After almost five years, the NFLPA decided to rescind the “Junior Rule” yesterday. This rule, enacted and enforced by the NFLPA, specified that agents were not allowed to contact a college player until after their junior year—specifically, either after their last regular season or conference championship game or December 1st, whichever came later. Since the NFL’s CBA requires that three regular seasons have completed before a player may be drafted, the intent was to reduce unnecessary contact between draft ineligible student-athletes and agents.
In theory, this rule made sense; in practice it became an unbridled disaster for the industry. The competition to sign student-athletes is fierce and this rule became a wedge between agents who completely ignored it and those who tried to follow the law. Unfortunately for the NFLPA and their agents, since contact with a student-athlete is not prohibited by the NCAA, by and large student-athletes and institutions neither cared about nor enforced this rule.

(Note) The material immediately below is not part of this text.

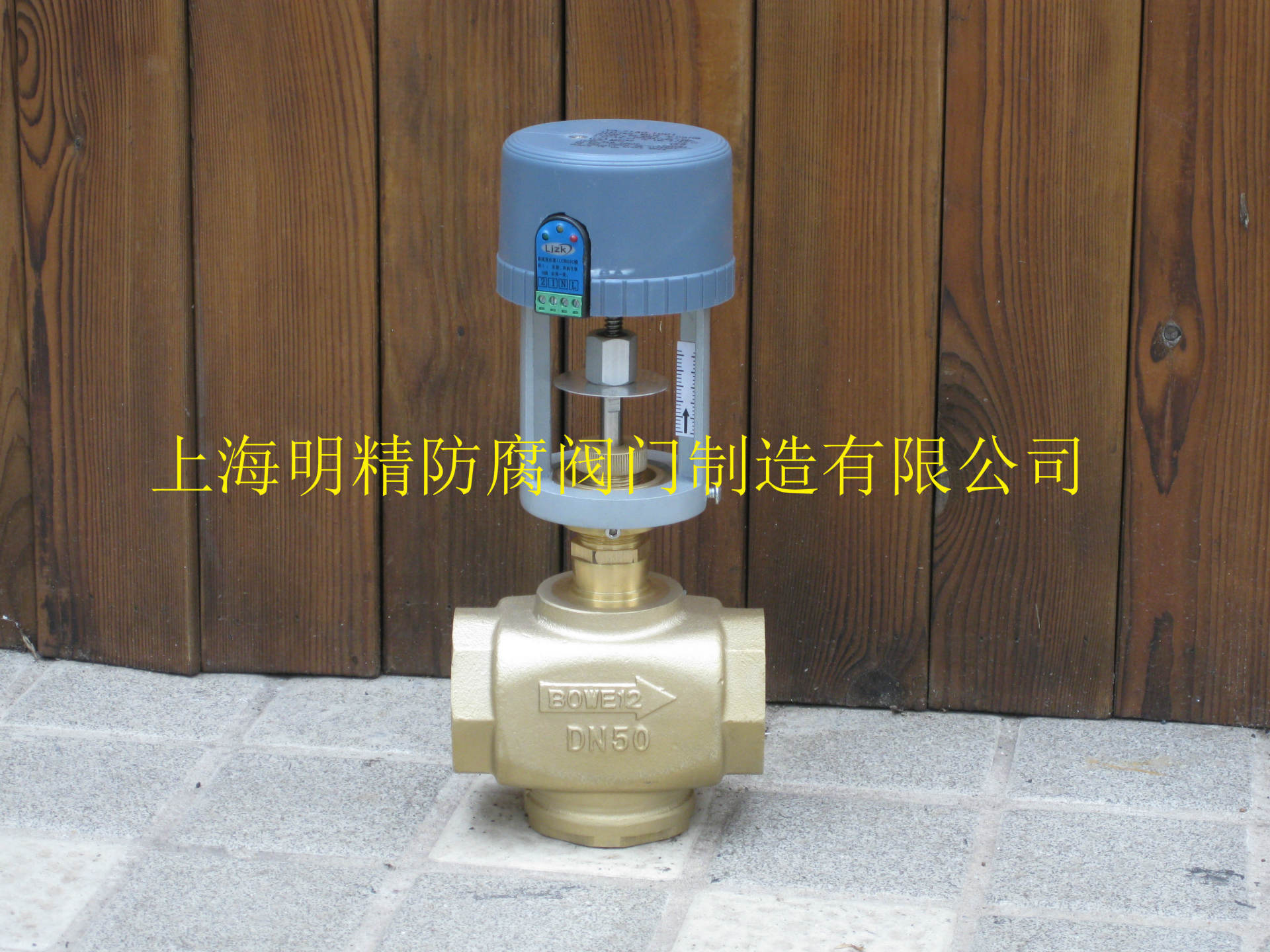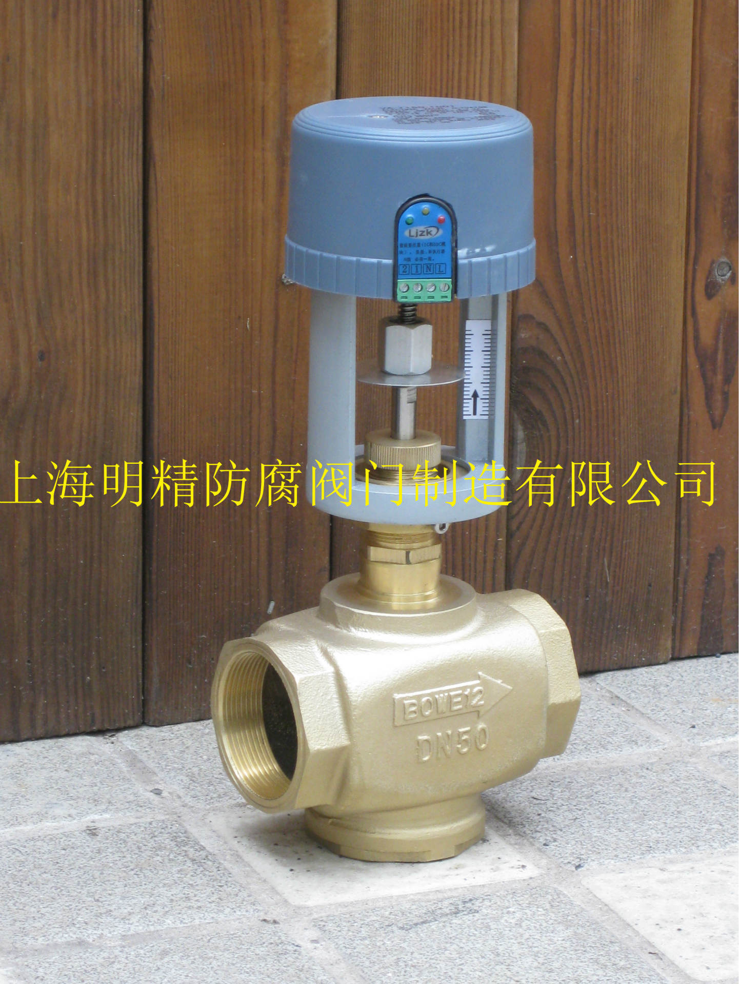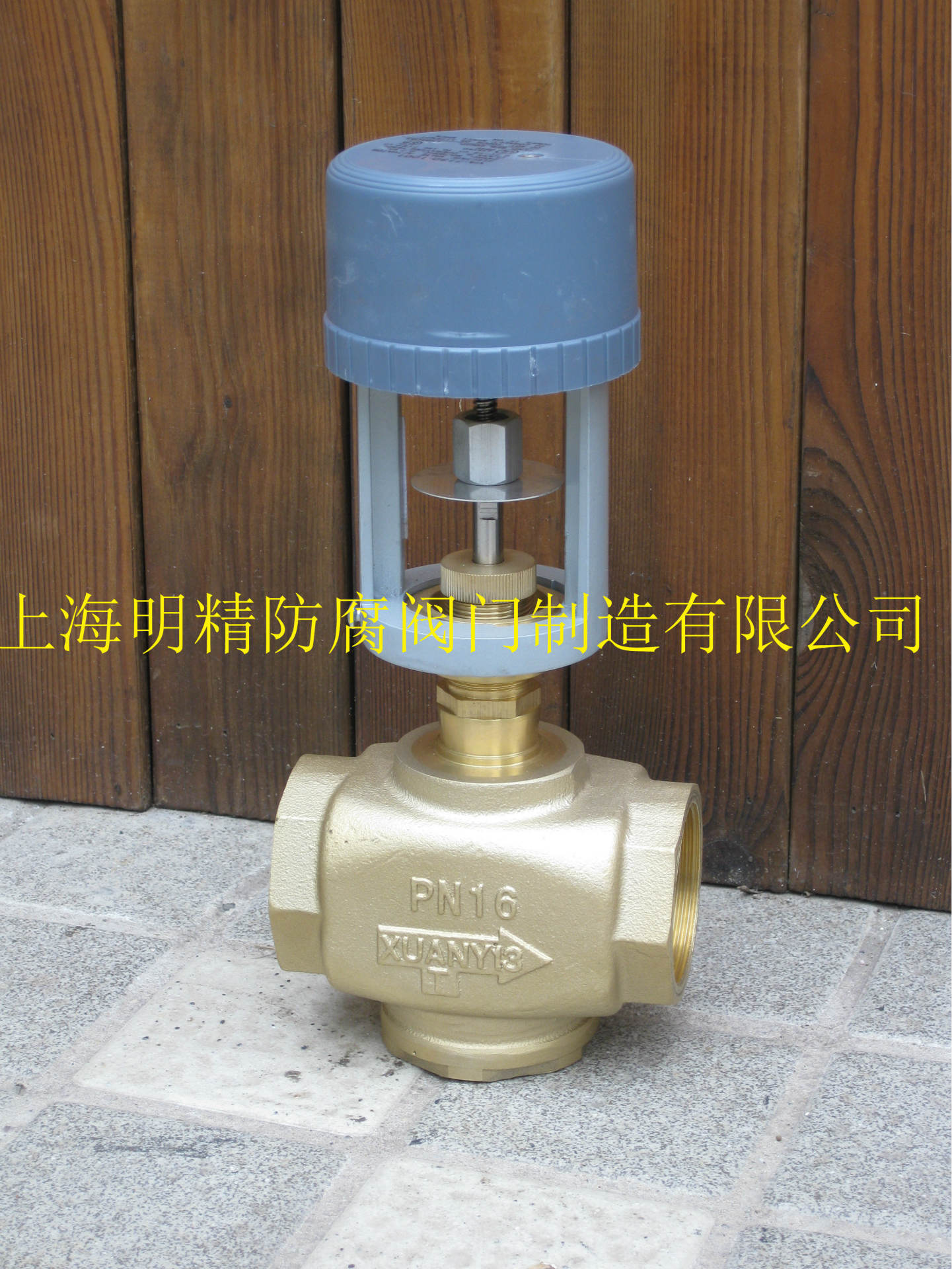 上明牌VB-7200系列铸铜二能阀、三通阀配以电子驱动控制装置后,能调节蒸汽或水在采暖、通风以及空调系统中的流量,广泛用于中央调系统中。

The result was that agents were forced to decide between abiding by this rule or losing potential clients to their competitors who largely ignored this prohibition. Furthermore, even if agents themselves decided to follow the law, they skirted its intent by hiring runners or representatives to recruit for them. Since the NFLPA has no jurisdiction over anyone not certified by the union, the industry saw an explosion of runners who descended on college campuses across the country.
Yesterday, the NFLPA, by a vote of the player representatives, rescinded the “Junior Rule.” What this means is that schools across the country must be even more prepared to educate their student-athletes. The good news is that the game has changed from enforcement to education. The bad news, how many schools take educating student-athletes in this transition process seriously?